While advanced methods for person detection are becoming more reliable [2, 3], most existing activity recognition approaches rely on visual tracking following a tracking-by-detection paradigm. These methods either fail to consider social interactions while inferring activities [4, 5, 6] or have difficulties recognizing the structural correlations of actions and interactions [7, 8, 9]. In particular, there are two major challenges: (i) ineffective tracking due to frequent occlusions in groups and crowds, and (ii) the lack of a suitable methodology to infer the complex but salient structures involving social dynamics and groups.
In this paper, we address both challenges using a bootstrapping framework to simultaneously improve the two tasks of multi-person tracking and social group activity recognition. We take state-of-the-art person detections [2, 3] as input to perform initial multi-person tracking. We then recognize stable group structures including the temporally cohesive individual activities (such as walking) and pairwise interactions (such as walking side-by-side, see Fig.1 to robustly infer collective social activities (such as street crossing in a group) in multiple stages. Auxiliary inputs such as body orientation detections can be considered within the stages as well. The recognized activities and salient grouping structures are used as priors to recover occluded detections and false associations to improve performance.
We explicitly explore the correlations of pairwise interactions (of two individuals) and their group activities (within the group of more individuals) during the optimization. Observe in Fig.1 that group activities generally consist of correlated pairwise interactions, which we have exploited in the multi-stage inference steps. In our method, the multi-target tracking and the recognition of individual/group activities are jointly optimized, such that consistent activity labels characterizing the dynamics of the individuals and groups can be obtained. The individual and group activities are formulated using a dynamic graphical model, and high-order correlations are represented using hypergraphs. The simultaneous pedestrian tracking and multi-person activity recognition problems are then to be solved using an efficient cohesive cluster search in the hypergraphs.
The main contribution of this work is two-fold. First, we propose a new framework that can jointly solve the two tasks of real-time simultaneous tracking and activity recognition. Explicit modeling of the correlations among the individual activities, pairwise interactions, and collective activities leads to a consistent solution. Second, we propose a hypergraph formulation to infer the high-order correlations among social dynamics, occlusions, groups, and activities in multi-stages. Simultaneous tracking and activity recognition are formulated as a bootstrapping framework, which can be solved efficiently using the search of cohesive clusters in the hypergraphs. This hypergraph solution is general that it can be extended to include additional scenarios or constraints in new applications.

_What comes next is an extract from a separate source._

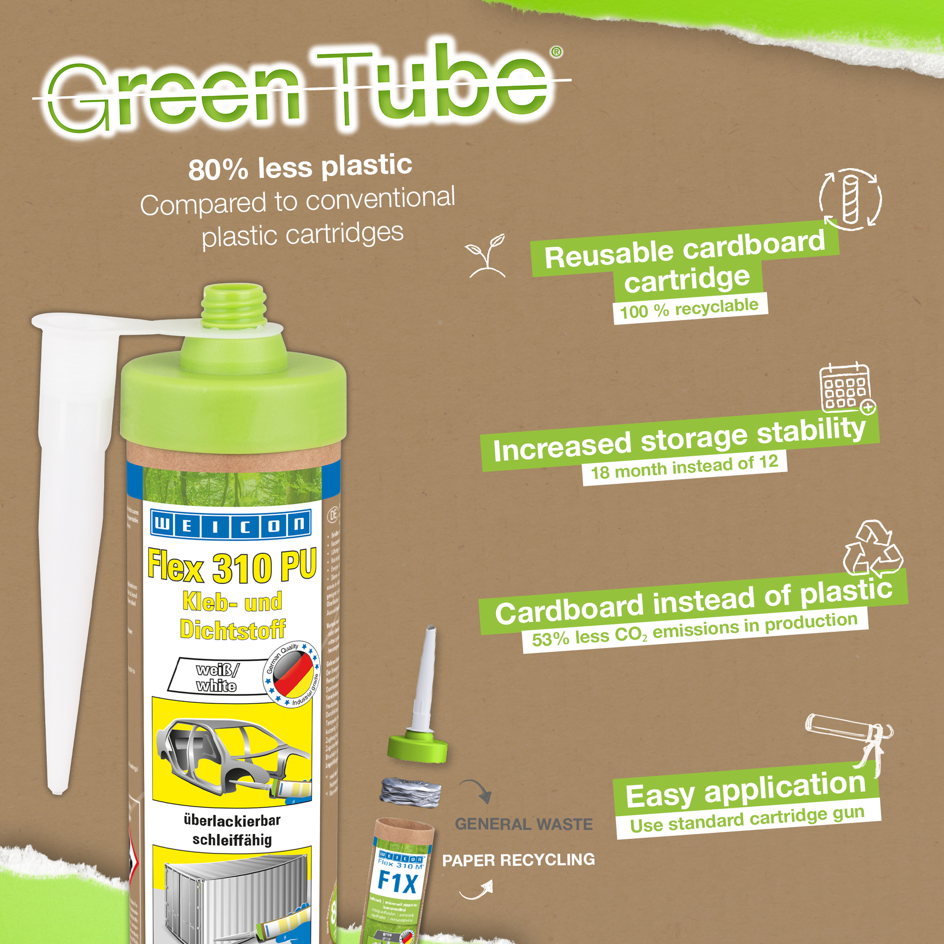 Flex 310 PU je trvalo elastický, má silnú priľnavosť, možno ho natierať, je odolný proti poveternostným vplyvom, sladkej a slanej vode a neobsahuje silikón. Tento výrobok je elastické lepidlo a tmel na báze polyuretánu (PUR) na lepenie a tmelenie mnohých materiálov, ako sú kovy, plasty, keramika, drevo, sklo a kameň. Lepidlo a tmel možno použiť v kovovýrobe, pri výrobe kontajnerov a zariadení, vo výrobe karosérií, výrobe vozidiel a kontajnerov, vo ventilačnej a klimatizačnej technike, v elektrotechnickom priemysle, pri stavbe jácht a lodí a všade tam, kde nie je možné použiť silikóny alebo výrobky obsahujúce silikón.

Experiments on several benchmarks show the advantages of our method with improvements in both activity recognition and multi-person tracking. Our method is easily deployable to real-world applications, since: (i) camera calibration is not required; (ii) online video streams can be processed by considering a time window in a round; (iii) the computation can be performed in real-time (about 20 FPS, not including the input detection steps).
Ii Related Works
There exists a tremendous amount of multi-person tracking and activity recognition works. See [10, 11] for survey. Our work is most related to the collective activity recognition, which are organized into the following three categories — recognition based on (i) detection, (ii) tracking, and (iii) simultaneous tracking and recognition.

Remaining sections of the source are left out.